__WHAT THE TASK ASKS__. Go to the line containing "Entdecken Sie unsere" in the material below. From there to the end, retype every line exactly and drop the pictures.

——

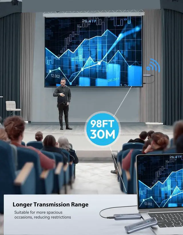 ^^ Highly Versatile: The Wireless HDMI is compatible with a wide range of devices, seamlessly connect PC, laptop, camera, TV box, projector, monitor, and HDTV. Ideal for business presentations, conferences, teaching, movie, outdoor events, and family gatherings. Comes with Micro HDMI/Mini HDMI adapter and Type-C to HDMI adapter, offering a wider compatibility for a variety of devices. ^^ Unmatched Clarity and
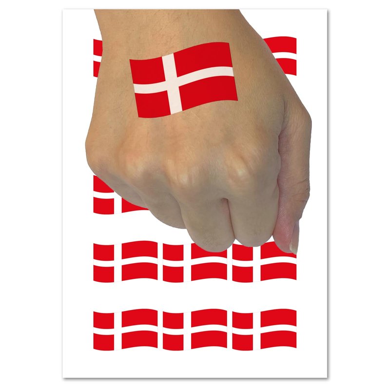 Denmark with Waving Flag Cute Temporary Tattoo Water Resistant Fake Body Art Set Collection - 15 2" Tattoos (1 Sheet)
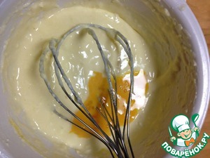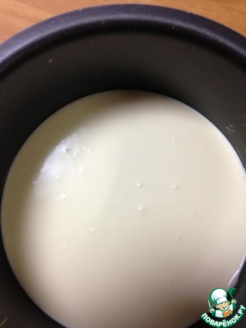 Залить образовавшимся кремом песочно-масляное тесто и несколько раз ударить осторожно об стол, чтобы вышли пузырьки воздуха. После этого чашу поставить в мультиварку и закрыть крышку.
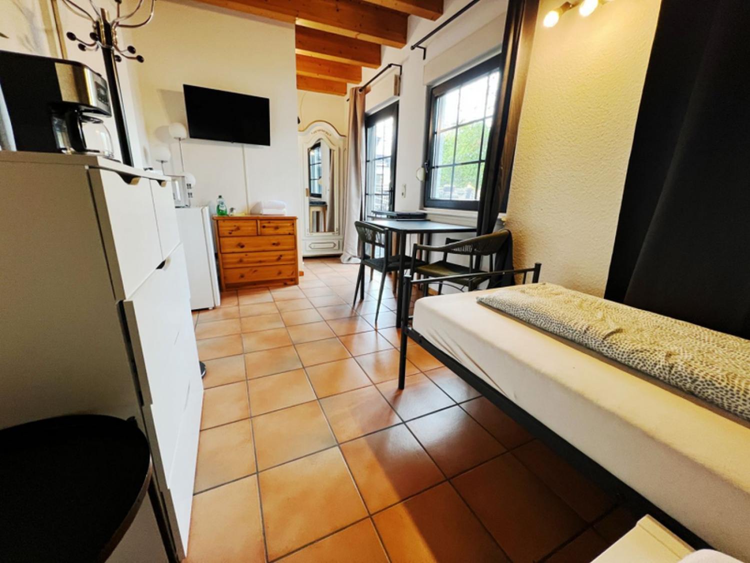 Entdecken Sie unsere komfortable Monteurwohnung in Burscheid! Unsere 1-Zimmer-Ferienwohnung im Erdgeschoss bietet auf 18 Quadratmetern ein gemütliches Wohn-/ Schlafzimmer und ist ideal für 2 Personen.
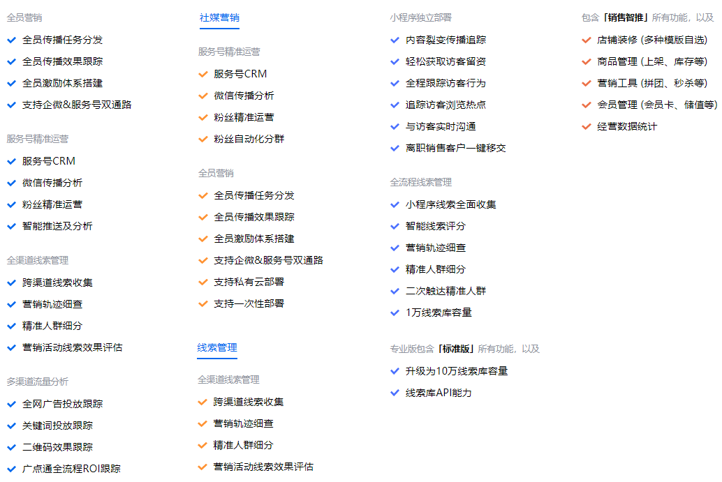以腾讯官方旗下的企业SaaS服务腾讯企点SCRM为例,我们可以清晰地对比出不同购买方案的价格和功能,其中适合中小型企业的标准版功能丰富,起售价需6888元/年。(详见下图)

——

__ANSWER TO THIS TASK__.
 Entdecken Sie unsere komfortable Monteurwohnung in Burscheid! Unsere 1-Zimmer-Ferienwohnung im Erdgeschoss bietet auf 18 Quadratmetern ein gemütliches Wohn-/ Schlafzimmer und ist ideal für 2 Personen.
以腾讯官方旗下的企业SaaS服务腾讯企点SCRM为例,我们可以清晰地对比出不同购买方案的价格和功能,其中适合中小型企业的标准版功能丰富,起售价需6888元/年。(详见下图)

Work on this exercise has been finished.